Audit will probe Greene case
State Police forensics unit to look into Detroit’s gun lab to see if investigations were mishandled.
DETROIT — State Police forensics investigators auditing the city’s firearms laboratory will look into whether evidence in the 2003 fatal shooting of stripper Tamara Greene was handled properly, the man in charge of the audit said.
The city’s gun lab was shut down last month after an independent investigator determined that Detroit lab technicians mishandled evidence in a shooting case. Detroit Police Chief Ella Bully-Cummings ordered the lab closed and requested an audit by the state police to determine the scope of the problem.
As part of that audit, which is scheduled to start today and is expected to last four months, state investigators will randomly inspect cases handled by the city’s nine firearms examiners. But Capt. Mike Thomas, director of the State Police Forensic Science Division, said investigators also will hand-pick certain cases — including the Greene shooting — as part of the audit.
“We’re trying to identify all the cases where there’s been a question about whether the evidence was handled properly,” Thomas said. “Those are the cases we’ll also take a look at, in addition to the random cases.”
Greene, who danced under the stage name “Strawberry,” was killed in a drive-by shooting on April 30, 2002. Her name has been linked to a long-rumored, but never substantiated, party at the mayor’s Manoogian Mansion.
Former Detroit homicide Lt. Alvin Bowman in February said in a sworn affidavit that he suspects Greene was killed by a member of the Detroit Police Department.
Bowman made the allegation during a deposition in a federal lawsuit brought by Greene’s family against the city of Detroit, Mayor Kwame Kilpatrick and other city officials. Greene’s family alleges in the suit that top city officials interfered with the investigation of Greene’s murder. City officials have denied the allegation.

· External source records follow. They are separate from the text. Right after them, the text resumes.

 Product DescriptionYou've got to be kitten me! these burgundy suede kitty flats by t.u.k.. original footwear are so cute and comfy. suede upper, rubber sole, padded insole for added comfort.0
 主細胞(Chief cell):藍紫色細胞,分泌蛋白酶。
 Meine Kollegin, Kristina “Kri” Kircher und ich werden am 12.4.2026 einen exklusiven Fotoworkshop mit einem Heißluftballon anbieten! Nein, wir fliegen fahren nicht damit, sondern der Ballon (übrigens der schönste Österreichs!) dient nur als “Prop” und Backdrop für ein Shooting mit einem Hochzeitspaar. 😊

Bowman also said in the affidavit there were links between Greene and “high-ranking city employees,” including an unnamed associate of Kilpatrick. The former homicide detective alleged in a separate lawsuit that he was demoted for attempting to investigate Greene’s killing.
“I suspected that the shooter was a law enforcement officer, and more specifically, a Detroit Police Department officer,” he said in his Feb. 29 affidavit. He was awarded $200,000 in a jury trial against the city.

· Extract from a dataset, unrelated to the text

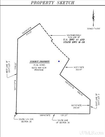 Over 30 acres with Lake Superior views in the city of Marquette. Imagine what can be developed with a combination like that! This parcel with over two football fields of frontage along one of the Upper Peninsula's busiest highways, US 41, is ripe for your next project. The custom home with curved walls, vaulted ceilings, and wide-angel views of Lake Superior features an open floor plan with kitchen, living and dining areas prime for entertaining. Full baths are on both main and upper levels. The spiral staircase leads to a luxurious suite with a sitting area as well as spacious closets. All tucked privately back in the rolling hillsides filled with tall birches, maples and century-old hemlocks. It's no wonder this home and the grounds have served as a wedding venue. Come take a tour. Zoned Mixed Use. The possibilities are once-in-a-lifetime.

As part of the lawsuit brought by Greene’s family, U.S. District Judge Gerald E. Rosen in March appointed two federal magistrates to look at text messages sent to and from city officials around the time of her murder. However, SkyTel Corp., the city’s former pager service provider, has not turned over the text messages because the company first needs personal identification numbers (PINs), to identify which messages the court is requesting. The city has not provided those PINs.

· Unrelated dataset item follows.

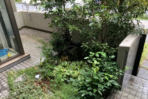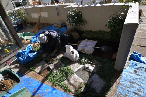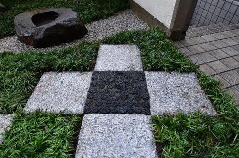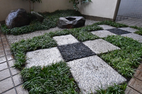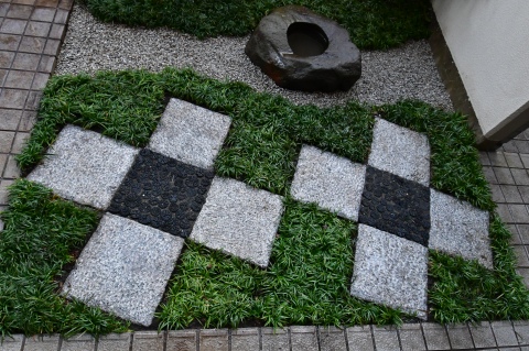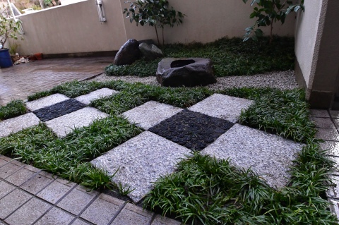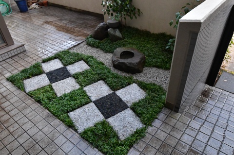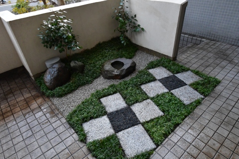 白御影石(みかげ石)と菊炭を使用し、市松模様にデザインしました。マンションの専用庭のような、たとえ僅かな敷地(一坪)でも、充分変化にとんだ空間づくりは可能です。 限られた条件の中で「和を感じる庭」がご希望でしたので、現代住宅にも合う、モダンジャパンスタイルの庭で日々の暮らしの中で、日本の伝統美を感じて頂ければ嬉しいです。

Detroit Police say the Greene shooting case remains open.
“We’ve never closed the case,” said Detroit Police spokesman James Tate.
“We’ve said that all along, and we hope anyone who has information about the case comes forward.”
Norman Yatooma, the attorney representing Greene’s children, said he was pleased by the new State Police probe.
“I’m glad to see someone giving time and attention to the case instead of covering it up,” he said.
Greene was shot numerous times with a .40 caliber weapon — the kind issued to Detroit police. Bowman said he believed Greene was the target of a contract killing, because he said the shooter had plenty of time to also shoot her boyfriend, who was a passenger in the vehicle.
“In the course of our investigation, I learned from the Michigan State Police that they possessed a telephone record linking Ms. Greene to high-ranking city employees not long before her murder,” Bowman said in the affidavit. “I also learned that Tamara Greene danced for and was employed by an associate of Mayor Kilpatrick.”
As part of the State Police audit of Detroit’s gun lab, Thomas said he also wants to look at four other cases where Detroit police allegedly mishandled gun evidence. Those cases involve clients of Marvin Barnett, the Detroit attorney who was responsible for the chain of events leading up to the shutdown of Detroit’s lab and the subsequent audit.
Barnett hired independent forensics investigator David Balash to examine evidence in a case in which he said Detroit police mishandled gun evidence. In that case, two of Detroit’s firearms examiners said that 42 spent shell casings came from one gun. But Balash found 24 bullets came from one weapon, 17 from another, and one was impossible to determine. An independent examiner retained by the prosecutor confirmed Balash’s findings.
In another development, SkyTel filed a motion Tuesday seeking to quash Yatooma’s subpoenas.
The motion by SkyTel, a division of Bell Industries Inc., is significant because up until Tuesday SkyTel had indicated it was prepared to comply with subpoenas seeking text messages in connection with the case.
SkyTel attorney Thomas Plunkett noted that Mayer Morganroth, an attorney representing former mayoral chief of staff Christine Beatty in the case, has said SkyTel could be sued if it releases text messages in connection with a civil case.
SkyTel wants to comply with court orders but also wants to avoid civil claims based on such compliance, Plunkett said.
He asked U.S. District Judge Gerald E. Rosen to quash Yatooma’s subpoenas or order the city to request and obtain any subpoenaed information from SkyTel.